*REQUIRED WORK:*
Nothing but the lines from the one containing "素材 | 【指定医薬部外品】" to the end of the records that follow should be transcribed, each exactly, with the pictures left out.
━━━━━━━━━━
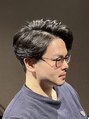 黒髪を生かしたクール&セクシーなかき上げセンターパート。顔周りがすっきりと見え、清潔感のあるおしゃれ感を演出。メンズパーマで緩いカールをつけると大人の色気が出てスタイリッシュに。サイドとバックはツーブロックで刈り上げて膨らみを抑えています。
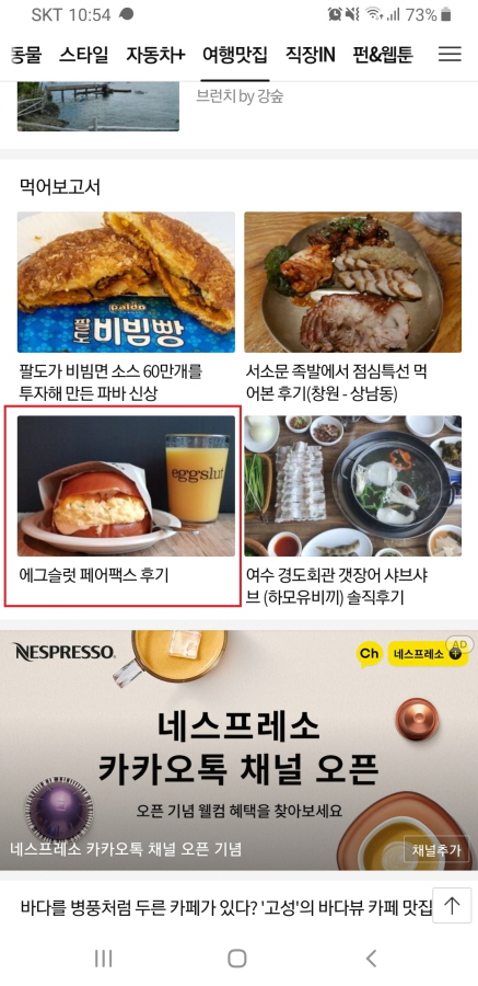 이번에 다음 메인에 올라온 포스팅은 에그슬럿의 대표 메뉴인 페어팩스 에요.
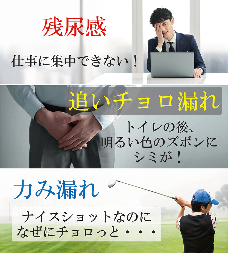 男性の「ちょい漏れ」の悩みを解決し、笑顔と自信を取り戻します。
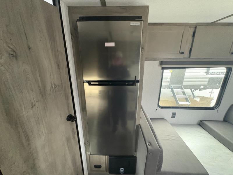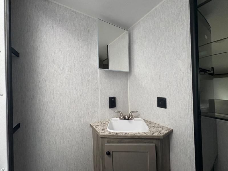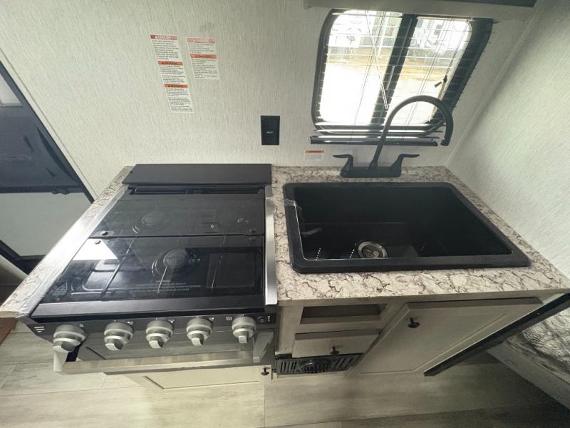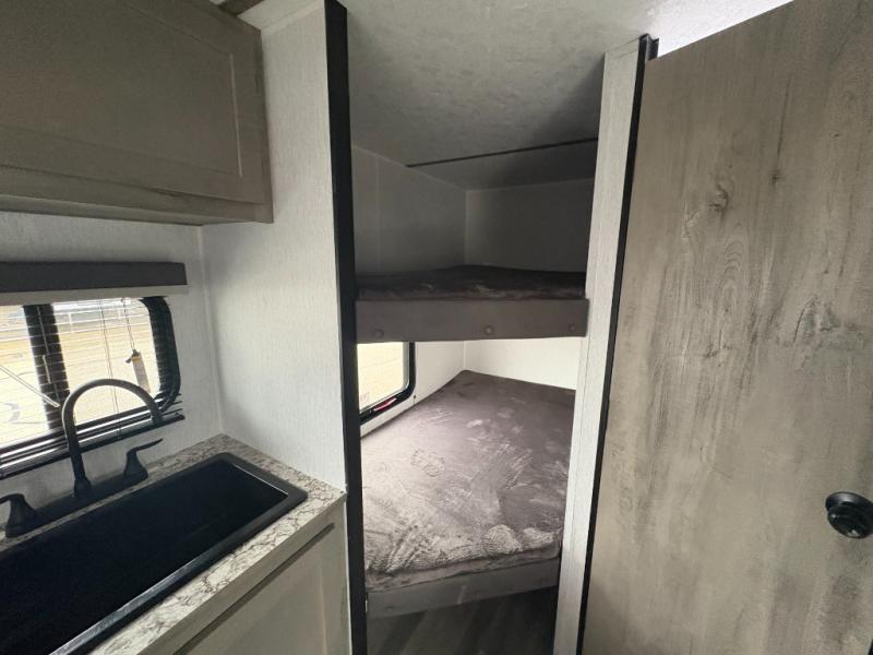 The perfect family-friendly travel trailer is found with this Sun Lite LTD model. You can take the front bed each night, while your guests or little ones take the double-size bunks towards the back. And if you're not needing the additional sleeping space, you can choose the desk option in place of the bunks. There is also a full bath right next to the bunks for easy nighttime use. The chef of your group can make meals using the three burner cooktop, and there is a double bowl sink for easy clean up. Once dinner has been cleaned up, you can play a game at the booth dinette, or head outdoors for an evening walk around the campground!
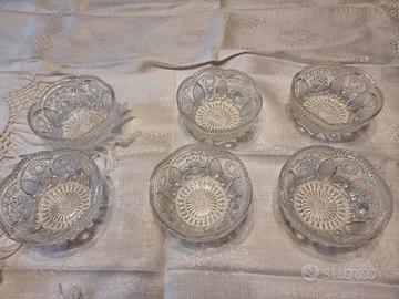 Elegante set composto da un centrotavola/fruttiera e sei coppe per macedonia anni '70 in cristallo.
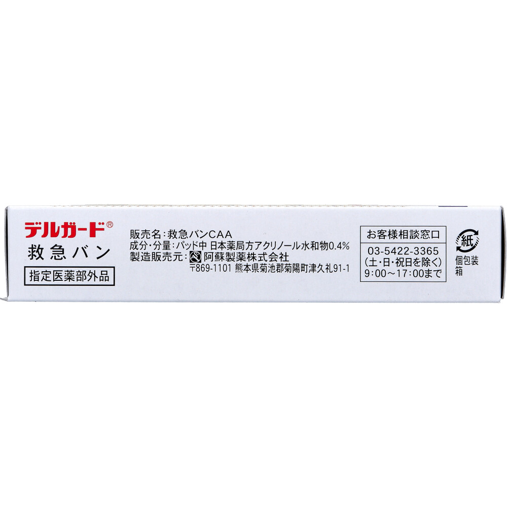 | 素材 | 【指定医薬部外品】 販売名:救急バンCAA 【成分】 パッド中 日本薬局方アクリノール水和物0.4% 【サイズ】 ・ジャンボサイズ 68mm×90mm ・パッド45mm×65mm 【効能・効果】 すり傷、切り傷、さし傷、かき傷、靴ずれ、創傷面の消毒・保護 【用法・用量】 ・被覆してある両側のセパレータをはぎとり、パッドにふれないようにして、パッドが傷口を保護するように貼り付けてください。 ・1日に2~3回貼り替えてください。 |
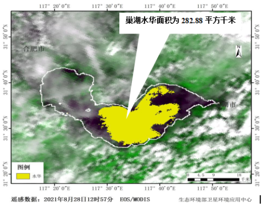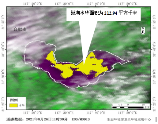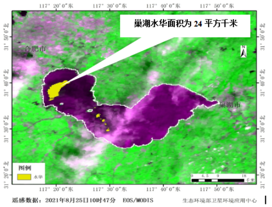 0 | 无水华 | 8月25日,巢湖水域水华面积24平方千米,主要分布在西半湖西部区域,占巢湖水域面积的3%,水华特征为“无明显水华”。8月26日,巢湖水域水华面积约212.94平方千米,主要分布在北部沿岸、中部和东部区域,占巢湖水域面积的28%,水华特征为“轻度水华”。8月28日,巢湖水域水华面积约282.88平方千米,主要分布在中部和东部湖区,占巢湖水域面积比例为37%,水华特征为“中度水华”。8月23-24日、27日及29日,巢湖水域水华特征均为“无水华”。
━━━━━━━━━━
*RESULT:*
 | 素材 | 【指定医薬部外品】 販売名:救急バンCAA 【成分】 パッド中 日本薬局方アクリノール水和物0.4% 【サイズ】 ・ジャンボサイズ 68mm×90mm ・パッド45mm×65mm 【効能・効果】 すり傷、切り傷、さし傷、かき傷、靴ずれ、創傷面の消毒・保護 【用法・用量】 ・被覆してある両側のセパレータをはぎとり、パッドにふれないようにして、パッドが傷口を保護するように貼り付けてください。 ・1日に2~3回貼り替えてください。 |
 0 | 无水华 | 8月25日,巢湖水域水华面积24平方千米,主要分布在西半湖西部区域,占巢湖水域面积的3%,水华特征为“无明显水华”。8月26日,巢湖水域水华面积约212.94平方千米,主要分布在北部沿岸、中部和东部区域,占巢湖水域面积的28%,水华特征为“轻度水华”。8月28日,巢湖水域水华面积约282.88平方千米,主要分布在中部和东部湖区,占巢湖水域面积比例为37%,水华特征为“中度水华”。8月23-24日、27日及29日,巢湖水域水华特征均为“无水华”。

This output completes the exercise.